Would you copy every record exactly as it stands and drop the pictures?

(WORKING DATA begins)

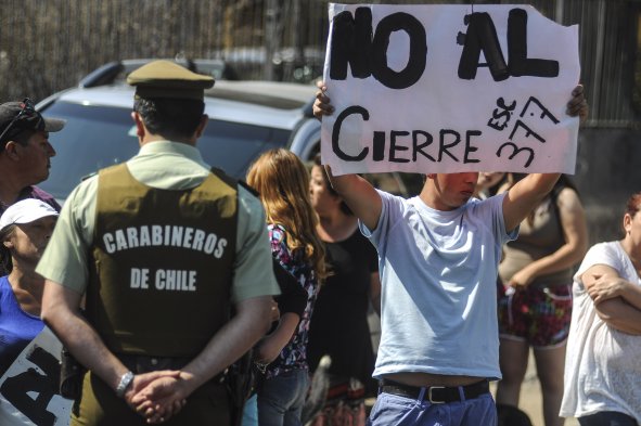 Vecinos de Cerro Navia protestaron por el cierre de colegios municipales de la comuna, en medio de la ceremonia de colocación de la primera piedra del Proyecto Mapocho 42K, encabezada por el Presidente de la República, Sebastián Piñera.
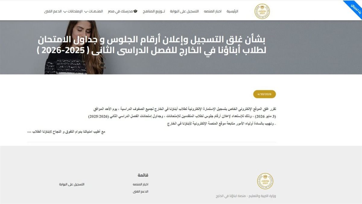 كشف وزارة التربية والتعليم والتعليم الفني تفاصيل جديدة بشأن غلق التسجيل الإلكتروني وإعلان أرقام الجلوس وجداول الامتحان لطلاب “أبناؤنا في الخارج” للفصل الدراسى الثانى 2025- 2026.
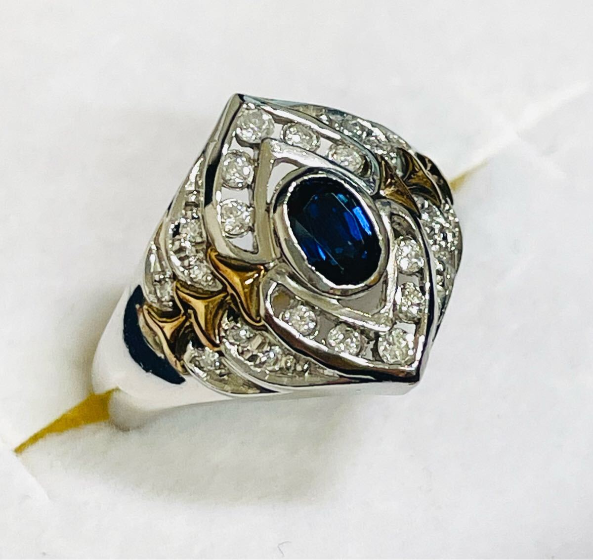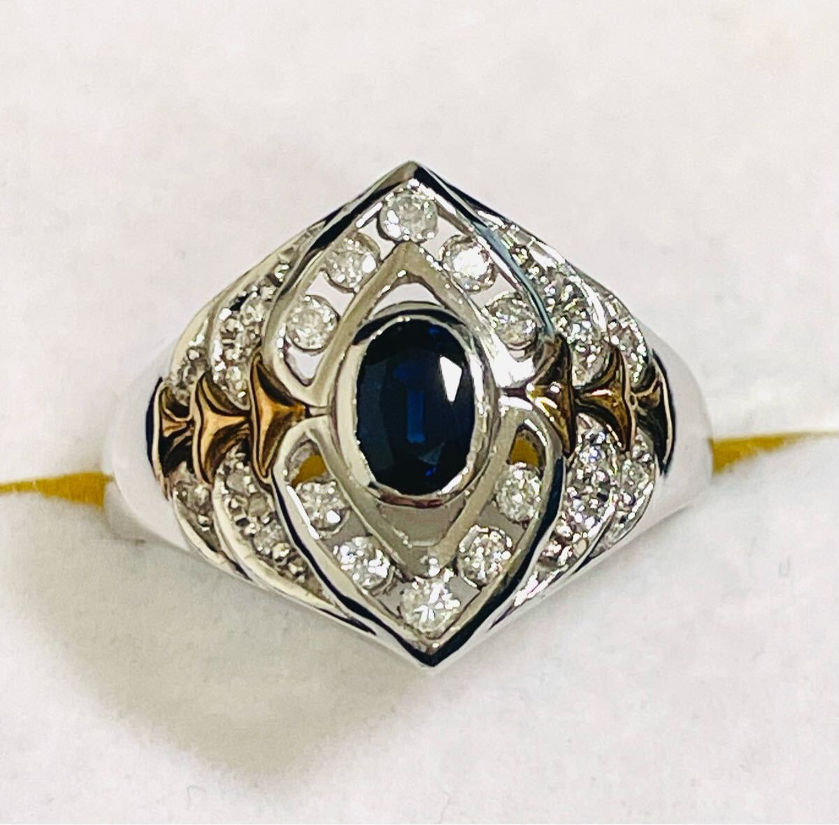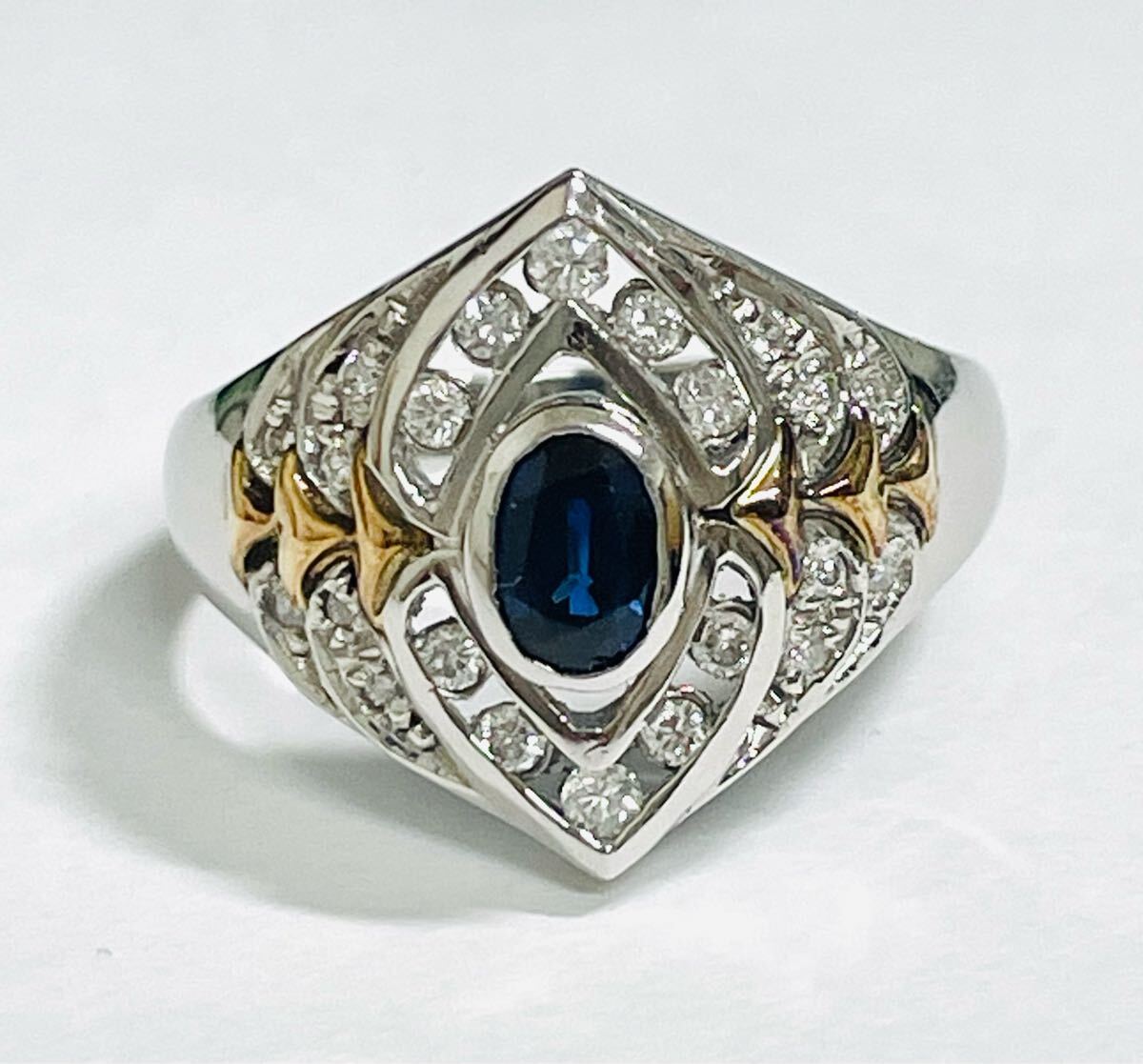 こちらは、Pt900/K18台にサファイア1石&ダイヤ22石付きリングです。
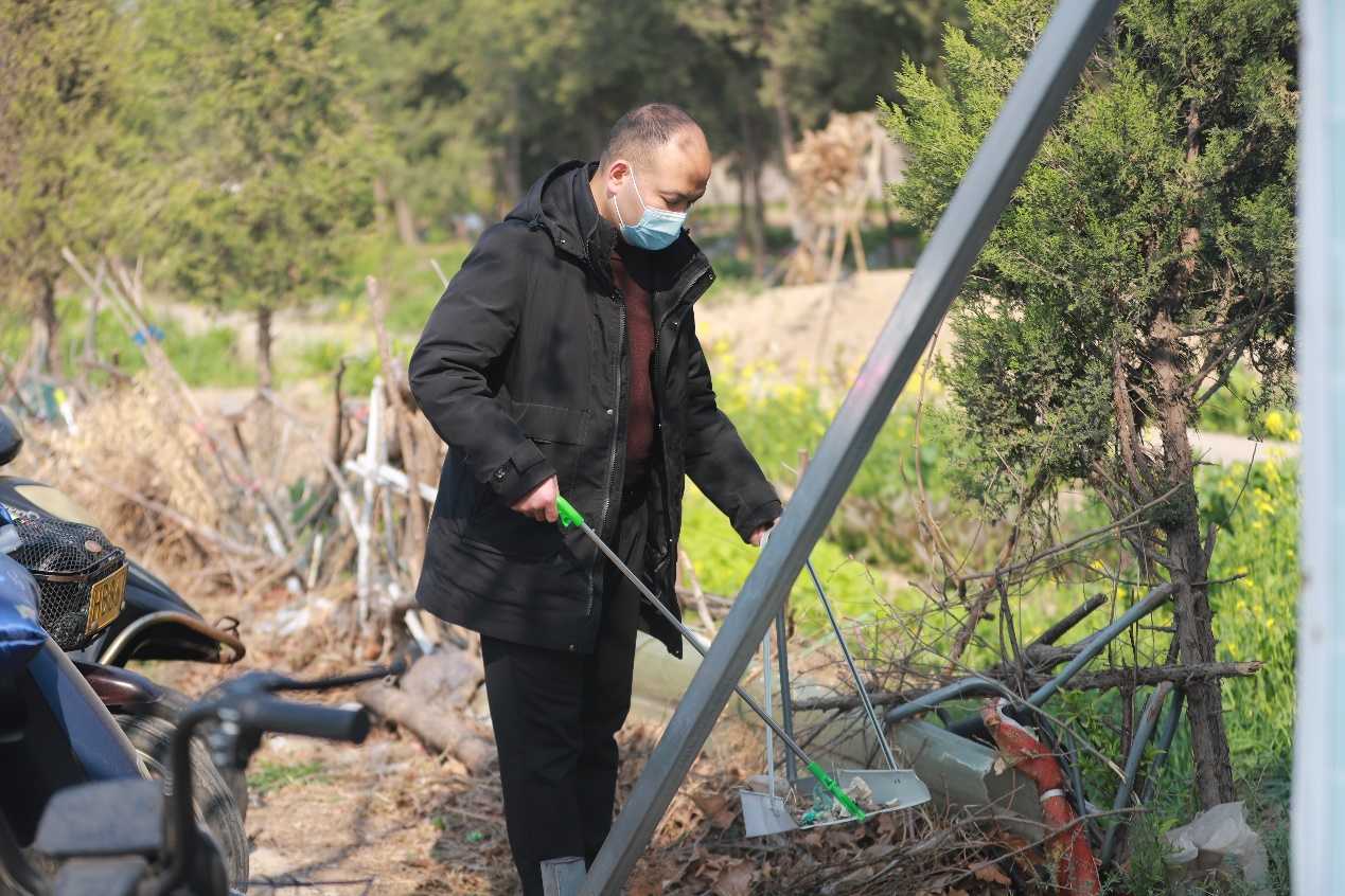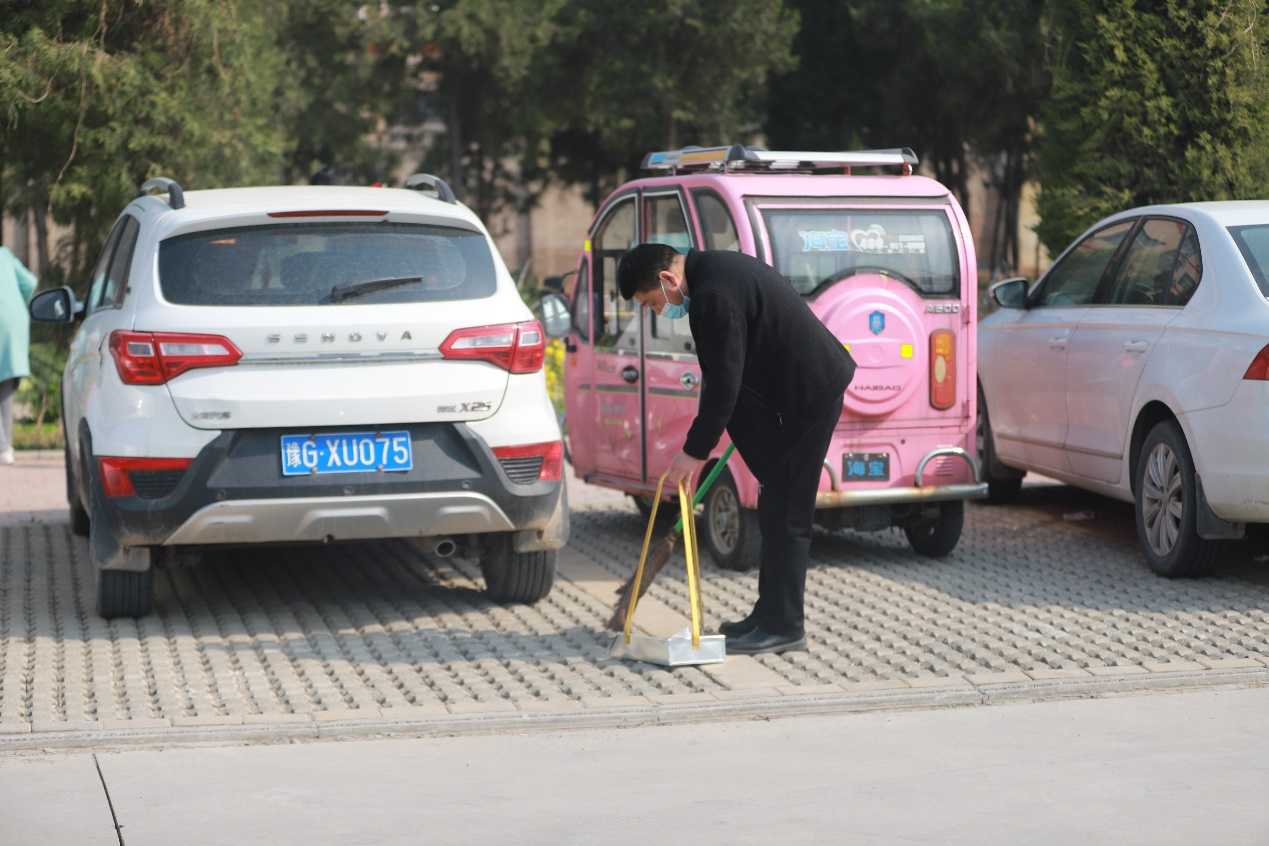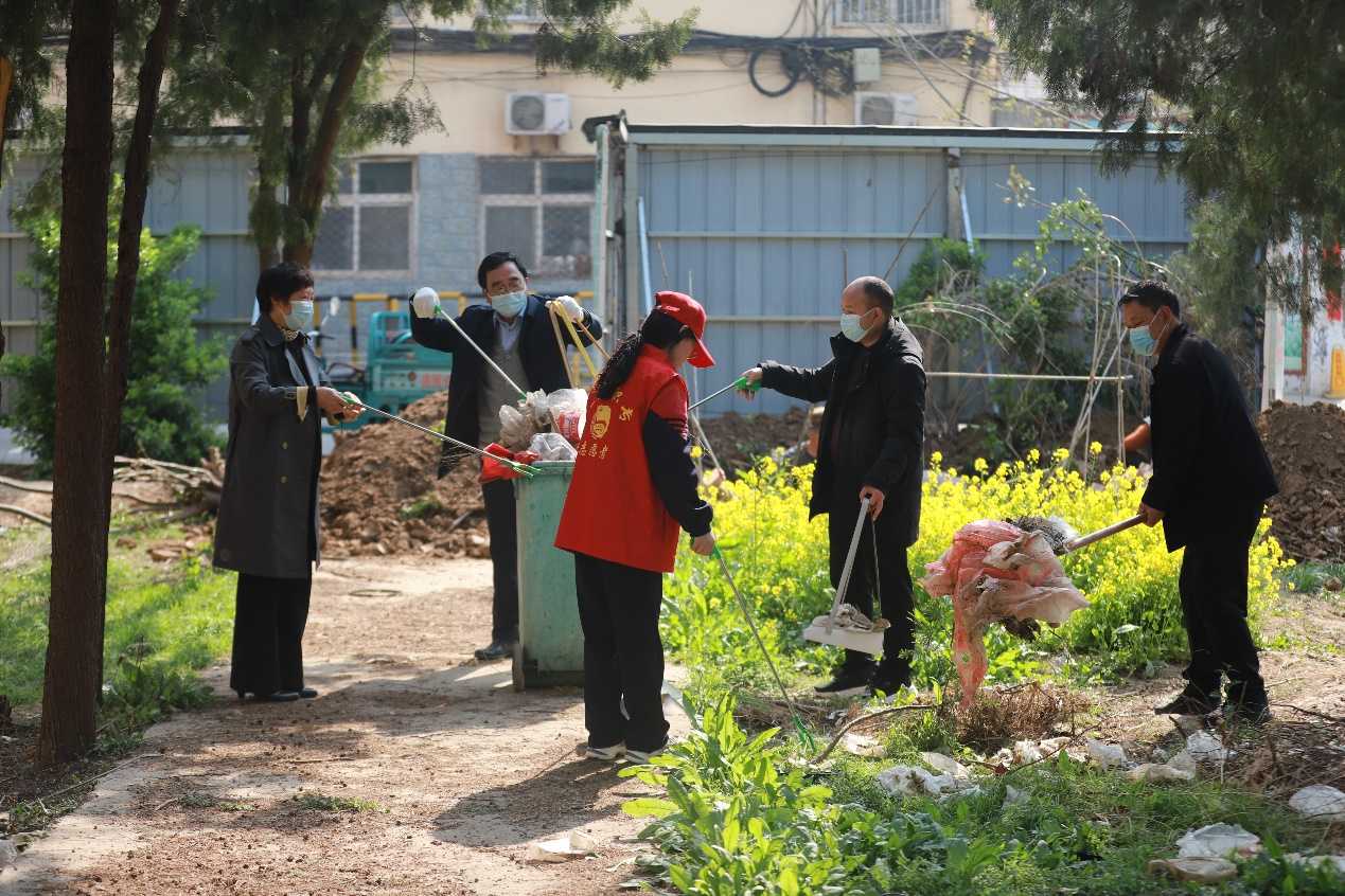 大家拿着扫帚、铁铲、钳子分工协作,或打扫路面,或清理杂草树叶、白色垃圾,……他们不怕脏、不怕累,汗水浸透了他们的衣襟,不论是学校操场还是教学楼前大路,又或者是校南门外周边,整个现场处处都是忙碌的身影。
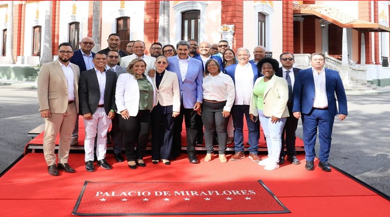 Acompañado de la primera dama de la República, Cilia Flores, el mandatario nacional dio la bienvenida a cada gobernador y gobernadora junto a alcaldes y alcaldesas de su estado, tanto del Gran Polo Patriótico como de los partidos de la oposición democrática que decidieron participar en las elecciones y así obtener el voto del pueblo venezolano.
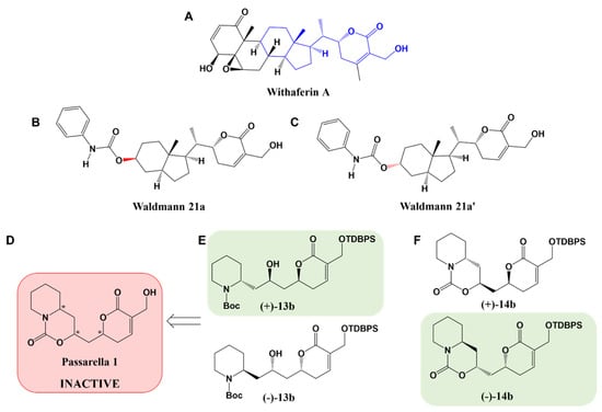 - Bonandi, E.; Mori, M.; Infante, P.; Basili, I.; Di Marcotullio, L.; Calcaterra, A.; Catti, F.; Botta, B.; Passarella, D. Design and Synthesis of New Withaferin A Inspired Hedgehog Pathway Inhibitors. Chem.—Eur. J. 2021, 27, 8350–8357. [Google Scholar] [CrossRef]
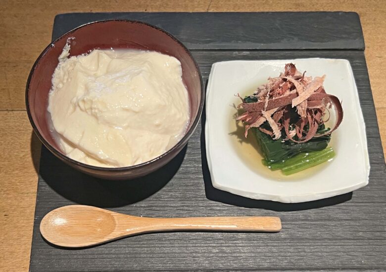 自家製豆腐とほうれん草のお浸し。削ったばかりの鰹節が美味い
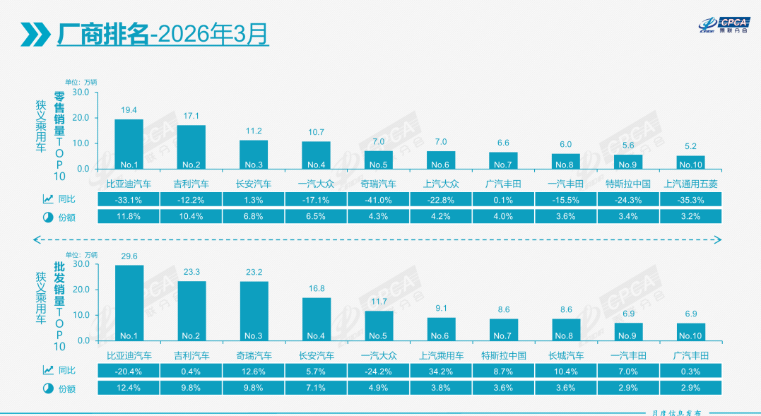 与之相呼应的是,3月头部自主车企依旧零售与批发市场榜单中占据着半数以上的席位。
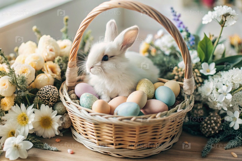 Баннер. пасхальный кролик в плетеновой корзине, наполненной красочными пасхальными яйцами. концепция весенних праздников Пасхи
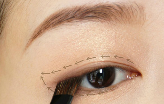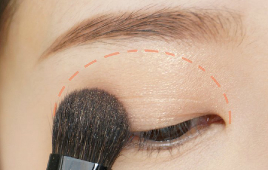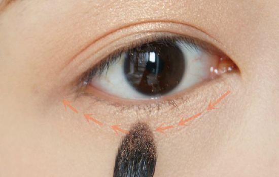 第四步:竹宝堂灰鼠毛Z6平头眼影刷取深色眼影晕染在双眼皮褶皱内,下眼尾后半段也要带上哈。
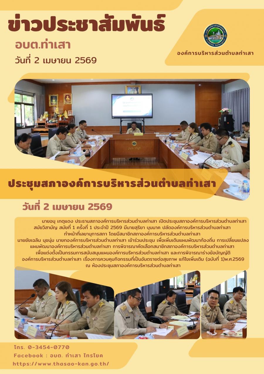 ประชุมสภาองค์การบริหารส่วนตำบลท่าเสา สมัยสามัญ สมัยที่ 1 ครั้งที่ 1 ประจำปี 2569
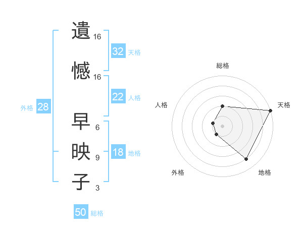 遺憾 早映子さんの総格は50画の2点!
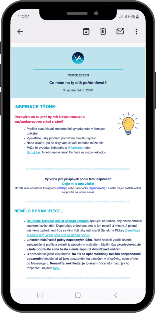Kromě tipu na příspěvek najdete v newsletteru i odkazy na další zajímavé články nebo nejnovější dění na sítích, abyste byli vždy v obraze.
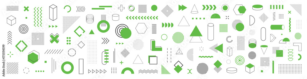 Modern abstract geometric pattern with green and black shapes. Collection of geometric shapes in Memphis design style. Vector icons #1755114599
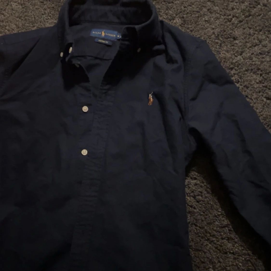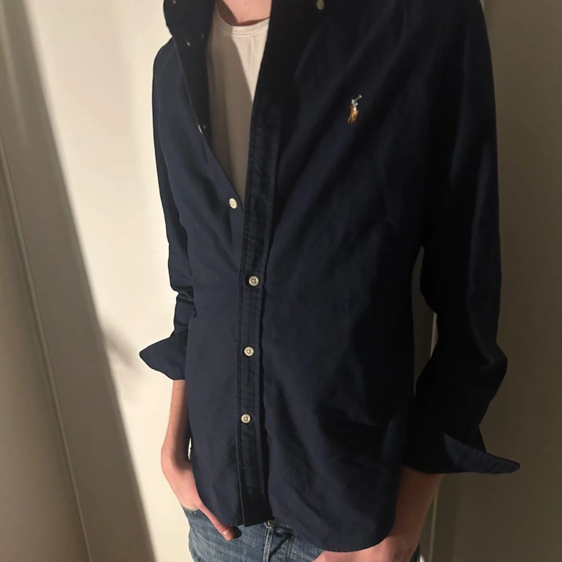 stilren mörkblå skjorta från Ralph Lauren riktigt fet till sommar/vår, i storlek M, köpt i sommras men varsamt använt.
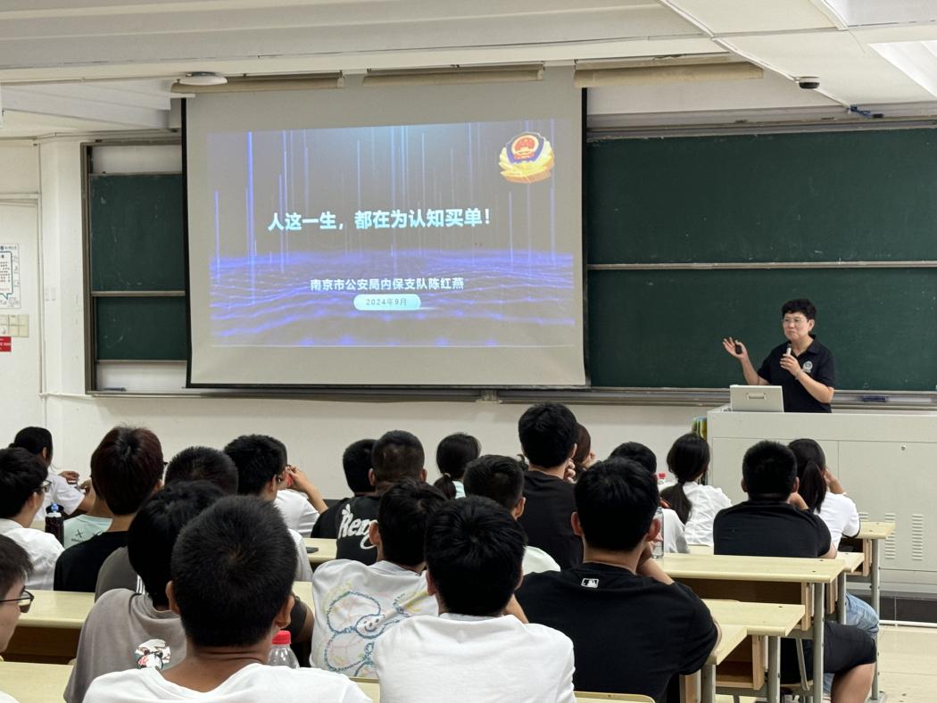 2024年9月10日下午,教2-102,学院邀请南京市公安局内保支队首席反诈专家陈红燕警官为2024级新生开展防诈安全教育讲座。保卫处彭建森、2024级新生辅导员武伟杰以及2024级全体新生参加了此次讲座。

(WORKING DATA ends)

■ **SOLUTION TO THIS PROBLEM**
 Vecinos de Cerro Navia protestaron por el cierre de colegios municipales de la comuna, en medio de la ceremonia de colocación de la primera piedra del Proyecto Mapocho 42K, encabezada por el Presidente de la República, Sebastián Piñera.
 كشف وزارة التربية والتعليم والتعليم الفني تفاصيل جديدة بشأن غلق التسجيل الإلكتروني وإعلان أرقام الجلوس وجداول الامتحان لطلاب “أبناؤنا في الخارج” للفصل الدراسى الثانى 2025- 2026.
 こちらは、Pt900/K18台にサファイア1石&ダイヤ22石付きリングです。
 大家拿着扫帚、铁铲、钳子分工协作,或打扫路面,或清理杂草树叶、白色垃圾,……他们不怕脏、不怕累,汗水浸透了他们的衣襟,不论是学校操场还是教学楼前大路,又或者是校南门外周边,整个现场处处都是忙碌的身影。
 Acompañado de la primera dama de la República, Cilia Flores, el mandatario nacional dio la bienvenida a cada gobernador y gobernadora junto a alcaldes y alcaldesas de su estado, tanto del Gran Polo Patriótico como de los partidos de la oposición democrática que decidieron participar en las elecciones y así obtener el voto del pueblo venezolano.
 - Bonandi, E.; Mori, M.; Infante, P.; Basili, I.; Di Marcotullio, L.; Calcaterra, A.; Catti, F.; Botta, B.; Passarella, D. Design and Synthesis of New Withaferin A Inspired Hedgehog Pathway Inhibitors. Chem.—Eur. J. 2021, 27, 8350–8357. [Google Scholar] [CrossRef]
 自家製豆腐とほうれん草のお浸し。削ったばかりの鰹節が美味い
 与之相呼应的是,3月头部自主车企依旧零售与批发市场榜单中占据着半数以上的席位。
 Баннер. пасхальный кролик в плетеновой корзине, наполненной красочными пасхальными яйцами. концепция весенних праздников Пасхи
 第四步:竹宝堂灰鼠毛Z6平头眼影刷取深色眼影晕染在双眼皮褶皱内,下眼尾后半段也要带上哈。
 ประชุมสภาองค์การบริหารส่วนตำบลท่าเสา สมัยสามัญ สมัยที่ 1 ครั้งที่ 1 ประจำปี 2569
 遺憾 早映子さんの総格は50画の2点!
Kromě tipu na příspěvek najdete v newsletteru i odkazy na další zajímavé články nebo nejnovější dění na sítích, abyste byli vždy v obraze.
 Modern abstract geometric pattern with green and black shapes. Collection of geometric shapes in Memphis design style. Vector icons #1755114599
 stilren mörkblå skjorta från Ralph Lauren riktigt fet till sommar/vår, i storlek M, köpt i sommras men varsamt använt.
 2024年9月10日下午,教2-102,学院邀请南京市公安局内保支队首席反诈专家陈红燕警官为2024级新生开展防诈安全教育讲座。保卫处彭建森、2024级新生辅导员武伟杰以及2024级全体新生参加了此次讲座。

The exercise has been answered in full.